- YOUR OBJECTIVE
Pictures are to be skipped. Retype exactly the lines from the top of the material through the one with "Este viernes se", and only those.

- DATASET EXCERPTS
────

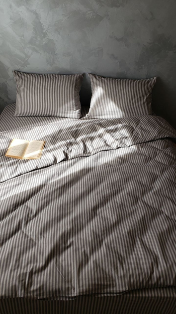Комплект постільної білизни Бязь Голд Люкс Сіра смужка Полуторний 150х210 (000569)
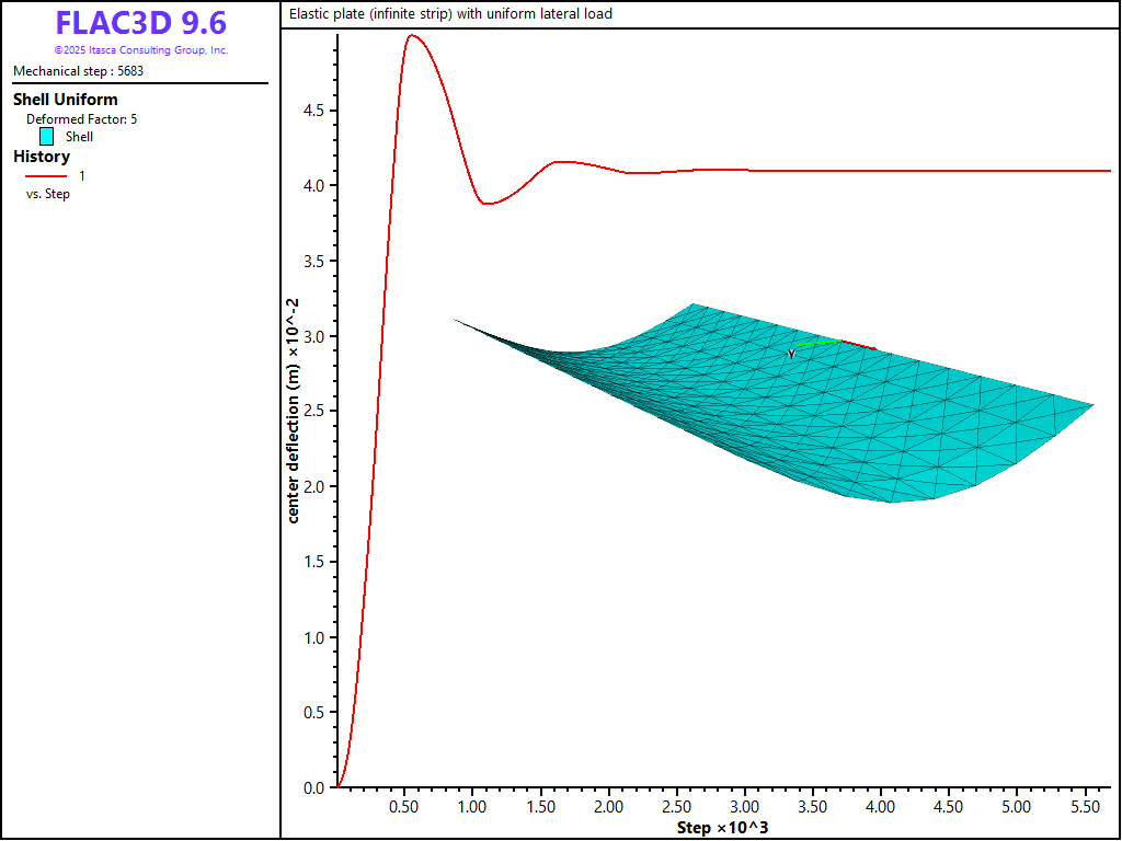 Figure 3: Deformed shape (deformation factor: 5) and center deflection.
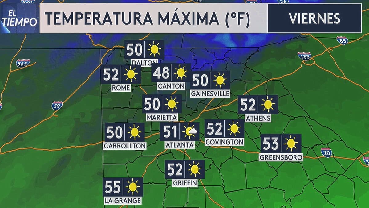 Este viernes se prevé un importante descenso en las temperaturas. La meteoróloga Elena Tabraue habla de las condiciones secas en la mayor parte de Georgia y sobre el día más frío del fin de semana.
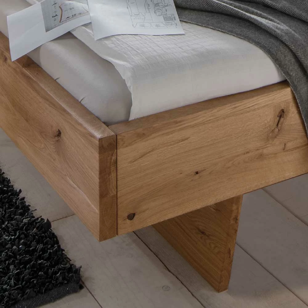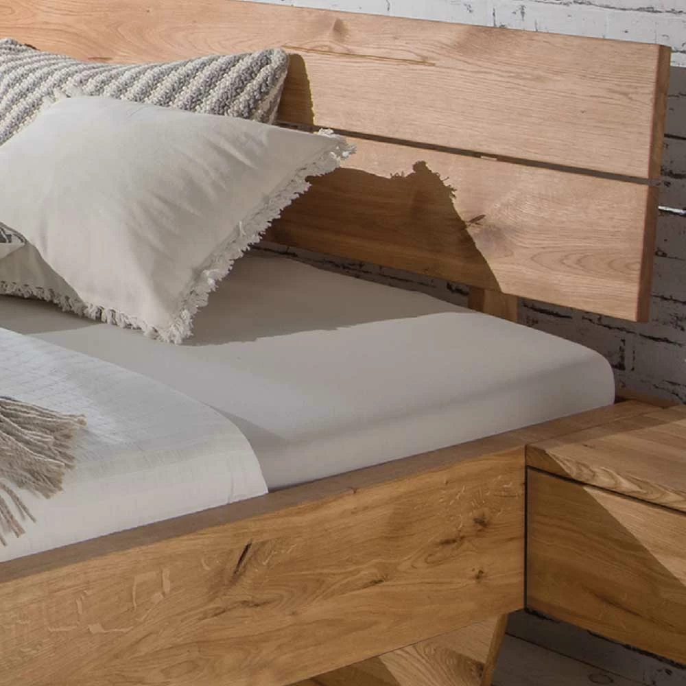 Wildeiche Bett Set Mit Doppelbett – Smiralda (dreiteilig)
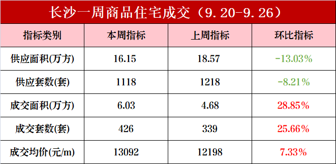 新房市场方面,上周(9.20-9.26)长沙内五区(含高新区、长沙县托管区域)一手住宅成交426套、6.03万方,成交均价13092元/㎡。供应上,一手住宅供应1118套、16.15万方。
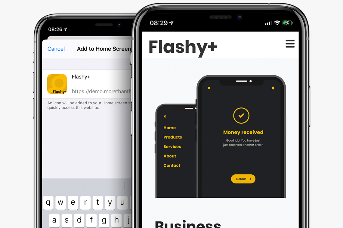 Installable and living on your visitors’ mobile devices without the need for an app store, so your visitors are always one tap away from viewing your website.
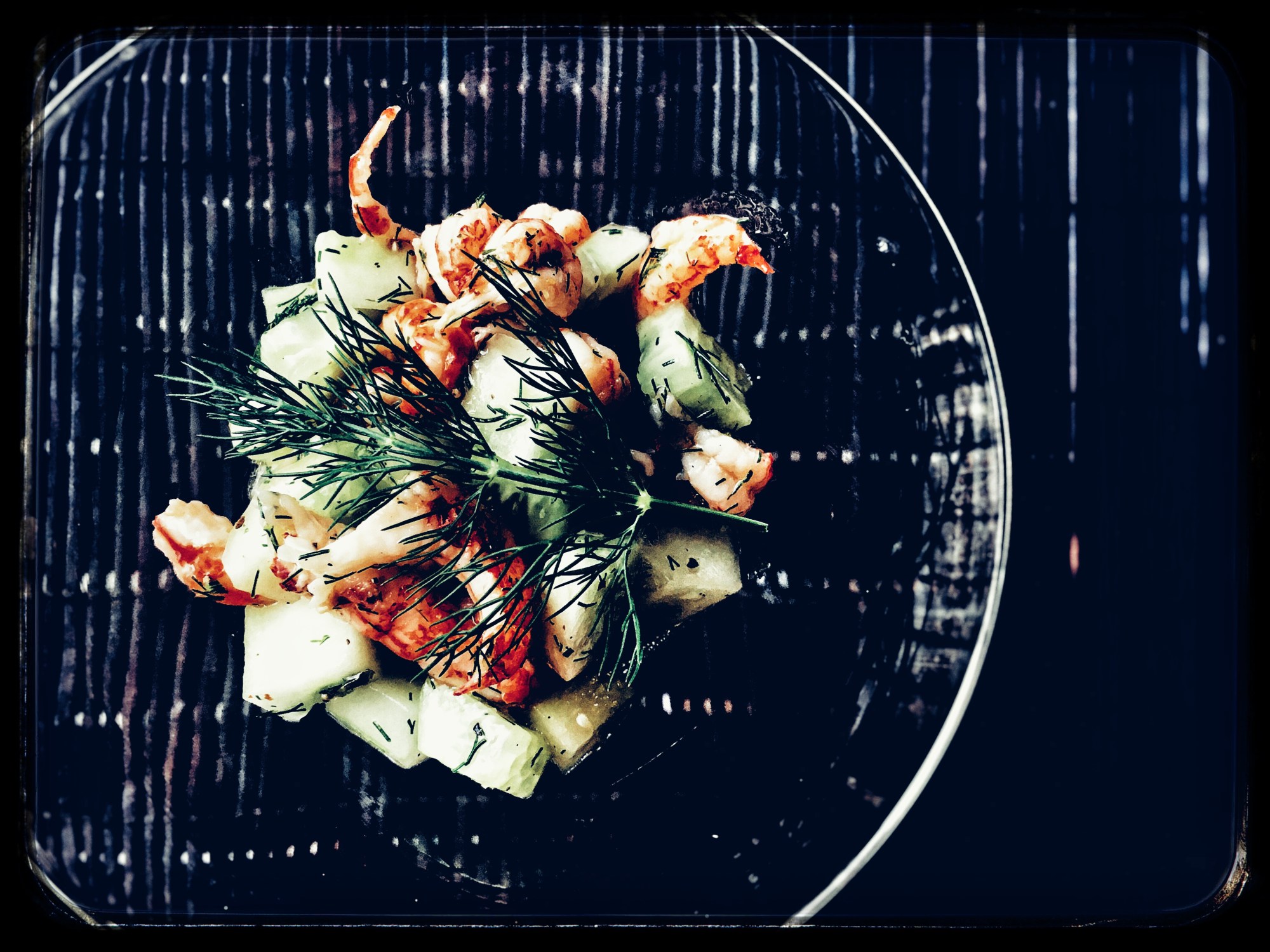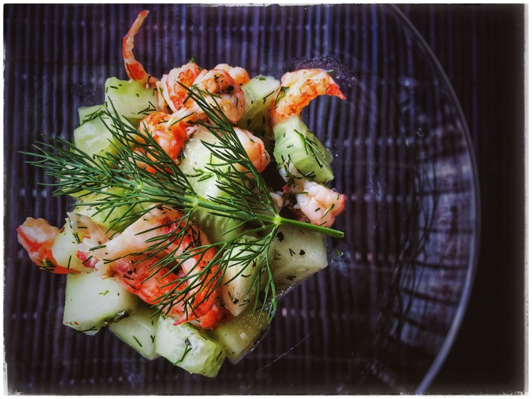- Add the chopped dill, the lemon juice and the olive oil to the cucumber and shrimp meat.

────

- RESPONSE TO THIS EXERCISE
Комплект постільної білизни Бязь Голд Люкс Сіра смужка Полуторний 150х210 (000569)
 Figure 3: Deformed shape (deformation factor: 5) and center deflection.
 Este viernes se prevé un importante descenso en las temperaturas. La meteoróloga Elena Tabraue habla de las condiciones secas en la mayor parte de Georgia y sobre el día más frío del fin de semana.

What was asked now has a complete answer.